Dirichlet–multinomial mixture model: Gibbs sampling

Similar to the previous Dirichlet–multinomial mixture model with known groups, this time the document–group assignment $\bm{z}$ is no longer observed.

Random variables

$\D=\{w_1,\dots,w_N\}$ where $w_n\in\{1,2,\dots,V\}$
- $\gbm{\phi}_t=(\phi_{1|t},\phi_{2|t},\dots,\phi_{V|t})$
- $\gbm{\theta}=(\theta_1,\theta_2,\dots,\theta_T)$
- $\bm{z}=(z_1,z_2,\dots,z_D)$ where $z_d\in\{1,2,\dots,T\}$

where

$N$ : number of tokens
$D$ : number of documents
$V$ : number of vocabularies
$T$ : number of groups

Generative process

$z_d\sim\gbm{\theta}$
$\gbm{\phi}_1,\dots,\gbm{\phi}_T \sim\prod_{t=1}^T\Dir(\gbm{\phi}_t;\beta,\bm{n})$
$\gbm{\theta}\sim\Dir(\gbm{\theta};\alpha,\bm{m})$

Challenges in computing posterior

$P(\Psi|\D,\H) &= P(\gbm{\phi}_1,\dots,\gbm{\phi}_T,\gbm{\theta},\bm{z}|\D,\H) \\ &= P(\gbm{\phi}_1,\dots,\gbm{\phi}_T,\gbm{\theta}|\bm{z},\D,\H) P(\bm{z}|\D,\H)$

where

$P(\gbm{\phi}_1,\dots,\gbm{\phi}_T,\gbm{\theta}|\bm{z},\D,\H) = \Dir\left(\gbm{\theta}; D+\alpha, \left( \frac{D_1+\alpha m_1}{D+\alpha},\dots, \frac{D_T+\alpha m_T}{D+\alpha}\right)\right) \prod_{t=1}^T \Dir\left(\gbm{\phi}_t; N_t+\beta, \left( \frac{N_{1|t}+\beta n_1}{N_t+\beta},\dots, \frac{N_{V|t}+\beta n_V}{N_t+\beta}\right)\right)$

which is a joint of $(T+1)$ Dirichlet distributions that we know how to compute.
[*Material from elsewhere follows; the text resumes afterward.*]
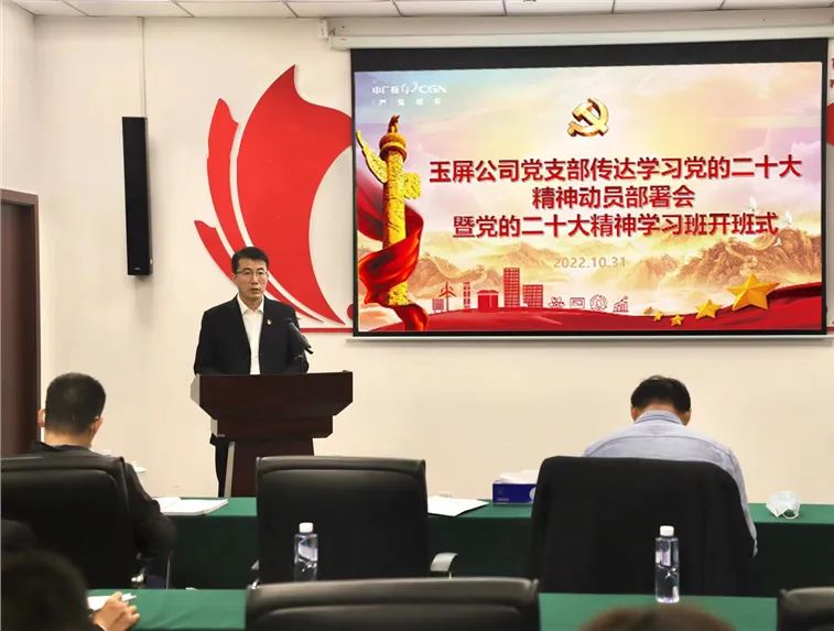 10月31日,玉屏公司組織召開了傳達(dá)學(xué)習(xí)黨的二十大精神動員部署會。 會議要求,一要統(tǒng)一思想、高度重視,充分認(rèn)識到黨的二十大的重大意義,把學(xué)習(xí)宣傳貫徹黨的二十大精神作為當(dāng)前和今后一個時期的首要政治任務(wù)抓緊抓牢抓實;二要把握主題,全面準(zhǔn)確學(xué)習(xí)領(lǐng)會黨的二十大提出的新思想新論斷新任務(wù)新要求;三要精心安排,認(rèn)真組織,在學(xué)懂弄通做實上下功夫。切實把學(xué)習(xí)成效轉(zhuǎn)化為全方位推進(jìn)工作高質(zhì)量發(fā)展的具體行動和實際成效,以昂揚的精神狀態(tài)為中廣核高質(zhì)量發(fā)展貢獻(xiàn)力量。

As for $P(\bm{z}|\D,\H)$ , it can be factorized as the follows.

$P(\bm{z}|\D,\H)=\frac{P(\D,\bm{z}|\H)}{P(\D|\H)} =\frac{P(\D,\bm{z}|\H)}{\sum_{\bm{z}}P(\D,\bm{z}|\H)}$

where the numerator $P(\D,\bm{z}|\H)$ is the evidence for the data and $\bm{z}$ that we know how to compute as well.

$P(\D,\bm{z}|\H) = \left( \prod_{t=1}^T\frac{\Gamma(\beta)}{\prod_{v=1}^V\Gamma(\beta n_v)} \frac{\prod_{v=1}^V\Gamma(N_{v|t}+\beta n_v)}{\Gamma(N_t+\beta)} \right) \left( \frac{\Gamma(\alpha)}{\prod_{t=1}^T\Gamma(\alpha m_t)} \frac{\prod_{t=1}^T\Gamma(D_t+\alpha m_t)}{\Gamma(D+\alpha)} \right)$

However, the computation of the denominator $P(\D|\H)=\sum_{\bm{z}}P(\D,\bm{z}|\H)$ is intractable.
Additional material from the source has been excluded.